Collected material:
.....

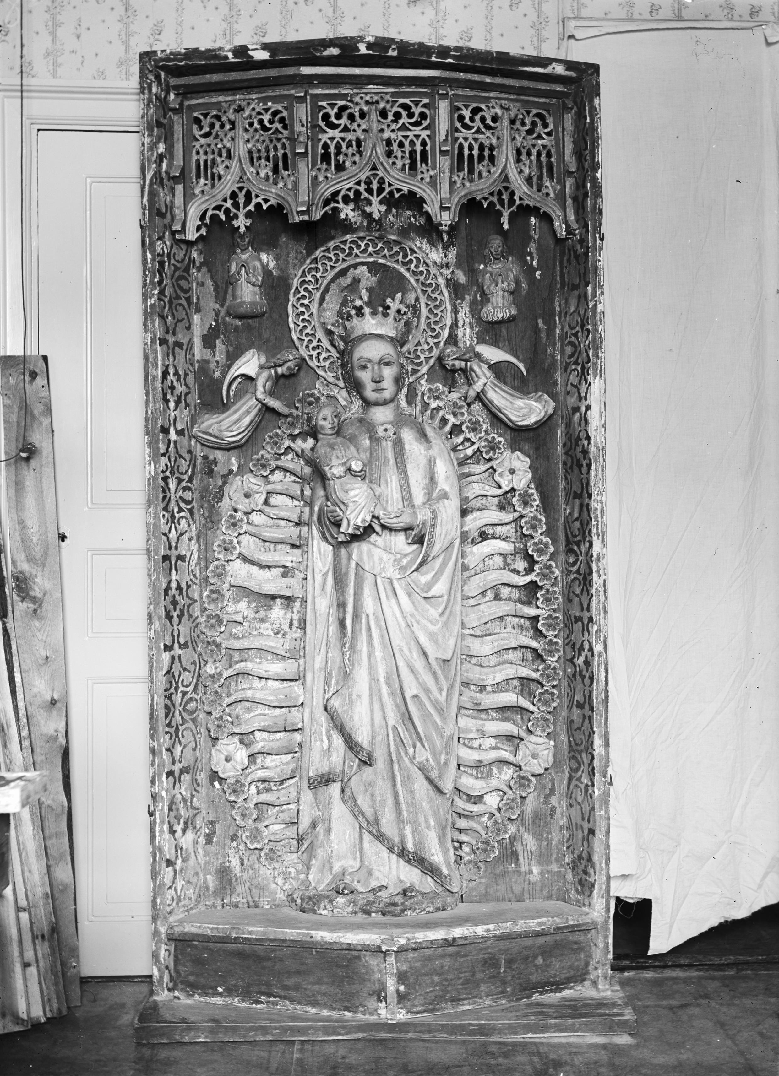 Beskrivning: Träskulptur föreställande Madonna i skåp. Omkring 1500. Före konserevring.
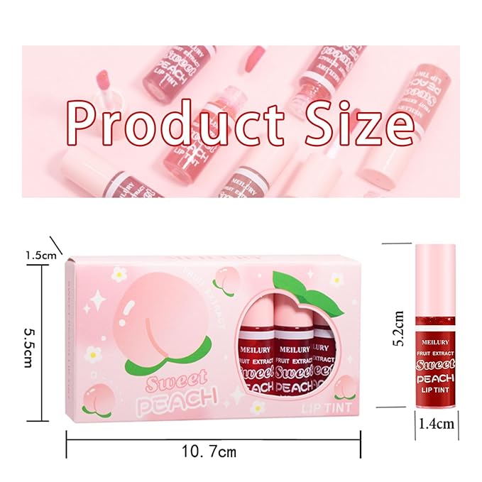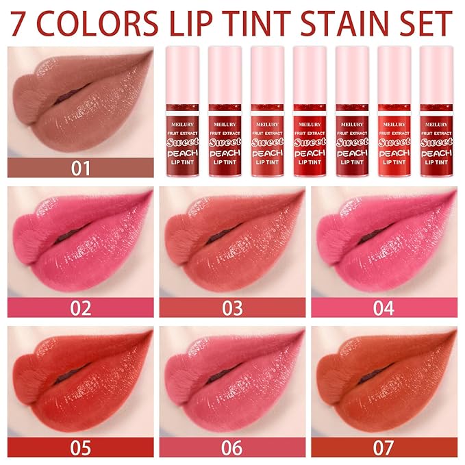 7 Colors Lip Stain Set, Watery Lip Tint Stain Mini Liquid Matte Lipstick, Multi-use Lip Cheek Tint, Moisturizing Plump Lip Gloss, Lightweight Non-Sticky, Long Lasting Vivid Lip Tint Makeup (Peach)
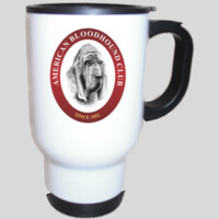 White 14oz Stainless Steel Travel Mug. Not dishwasher safe. Resilient plastic lid, handle, and base
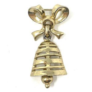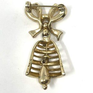 Vintage Gold Tone Bow with Moving Bell and Clapper Christmas Articulated Brooch

.....

Exercise requirements: Repeat the listing word for word, but without its pictures.

Expected answer:
 Beskrivning: Träskulptur föreställande Madonna i skåp. Omkring 1500. Före konserevring.
 7 Colors Lip Stain Set, Watery Lip Tint Stain Mini Liquid Matte Lipstick, Multi-use Lip Cheek Tint, Moisturizing Plump Lip Gloss, Lightweight Non-Sticky, Long Lasting Vivid Lip Tint Makeup (Peach)
 White 14oz Stainless Steel Travel Mug. Not dishwasher safe. Resilient plastic lid, handle, and base
 Vintage Gold Tone Bow with Moving Bell and Clapper Christmas Articulated Brooch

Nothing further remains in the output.